Looking out across this vast urbanscape, reminiscent of São Paulo, concrete high rises as far as the eye can see, I wonder how it's come to this. I'm very high up, on the open-sided top floor of a building undergoing further construction to make it taller still. In fact a good number of the buildings seem to be undergoing similar upward construction, evidenced by the huge cranes on top that swing around dropping steel girders into place with a clang. A fierce wind blows, giving me the sensation that if I don't retreat into the lower, finished section of the building, I'll blow right off the top.

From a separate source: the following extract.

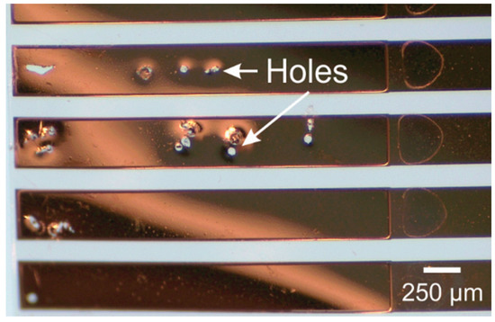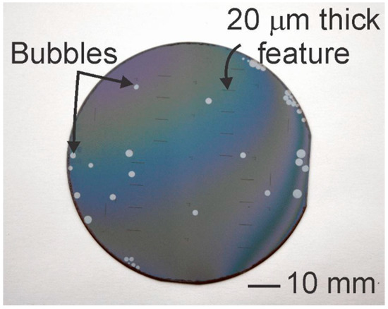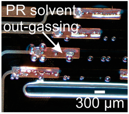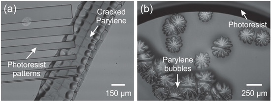 Photodegradation of Parylene has been reported in literature through a two-step process involving direct photolytic processes resulting in the formation of UV and IR absorbing structures, followed by photo-induced oxidation of the methylene groups and benzene ring [105]. It is also well known that UV radiation can deteriorate the thermal and electrical properties of Parylene films if the doses are large (>12 J/cm2) [106]. Although the small doses of UV exposure during lithography are unlikely to reach the threshold for full photodegradation, it is hypothesized that some combination of minor oxidation and mechanical/thermal stress may be responsible for the observed phenomenon when thick resist films are used. For example, bubbles between the Parylene and substrate may appear following the UV exposure step for photolithography (Figure 12). Piercing the Parylene bubbles in select non-critical areas and the use of a vacuum (after piercing) was found to aid in removal of the bubbles.

I'm inside now, but a more imminent danger threatens. I'm on the hit list of some sinister agency that's hunting down dissenters and "disappearing" them. This, it turns out, is part of the purpose of the cranes on top of the buildings - the crane arms swing around and pluck dissenters out of the buildings, then deliver them to the head of the agency, a shadowy figure who inhabits one of the buildings.

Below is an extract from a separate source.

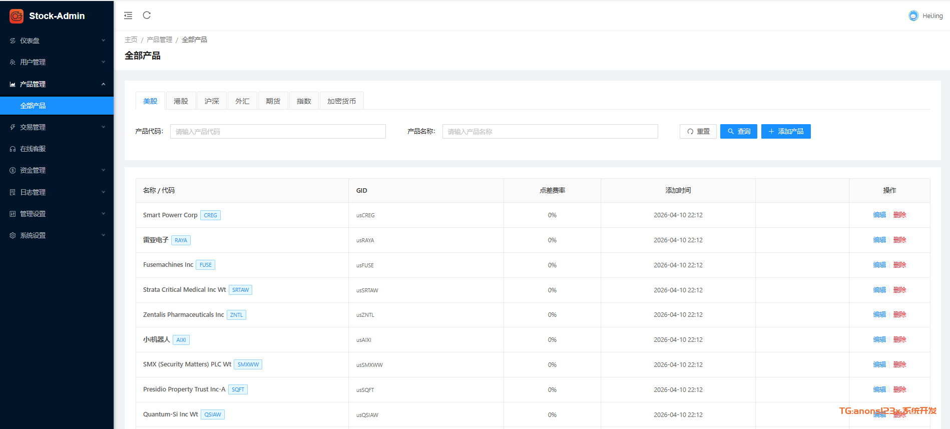- 产品管理 — 股票、棋货、加密货币标的统一管理

A dark-haired woman in a white blouse and gray skirt comes rushing in. She speaks to me in Portuguese, telling me to come quickly. I follow her to another floor below that has no windows. It is dark, damp-smelling, and apparently safe, at least for now. She tells me to wait here, then rushes out as quickly as she appeared. I wait quietly in the dark, my heart pounding. The only sound now is that of my own breathing. I awaken here, and the sense of menace slowly dissipates.

Monday, April 6, 2009

last night: was very excited & curious to find self in n korea. wandered around among a lot of buildings atop huge hills, led to by vast gray sets of stairs. perfect & gorgeous constructivist-style pyongyang extending in all directions. then the thought, "but I warned Qingshan not to come to north korea, because what if he couldn't leave?" became concerned that I'd be mistaken for a spy. then met a deranged middle-aged american women holding a bundle of wild-colored balloons afoot some govt ministry building. can't remember what she said, but unsettling. first two things I saw when I woke up: (1) text message Qingshan had sent me in the night from china, which read "This truly is a huge, huge country with a long, long history"; (2) news reports of Obama's speech about nk rockets.
My son and I were watching what appeared to be a very large black TV screen. On it they were diagramming a new NASA project, a space station for actors. We watched as the house where the actors would live out in space, glided inside another glass structure that was something like a glass box. The house and the box were both made entirely of glass. I commented to my son that the glass was for the sake of a 360 degree view in outer space.

Then we were standing outside the glass house, waiting for a tour. Another person came up to join us for the tour. Quite suddenly he was inside and we were still outside. We knocked on the glass wall saying—you forgot us. The NASA scientist said he couldn't let us in. I screamed back at him, at the top of my lungs—and what are we, chopped liver?

Saturday, April 4, 2009

"Hold out your hand," I say. "I have what you need." My directness alarms you.



I hold up my left hand, and a liquid red cord spills from my fingertips. "See - a scarlet penumbra," I say, drawing out the "num" and feeling the palpability of the syllable on my tongue.



I drop the cord into your open right palm. Although you say nothing, I can see that its substantial weight and warmth surprise you. I take one end and wrap it around your little finger.



"There," I say emphatically, "you know what to do," and awaken here.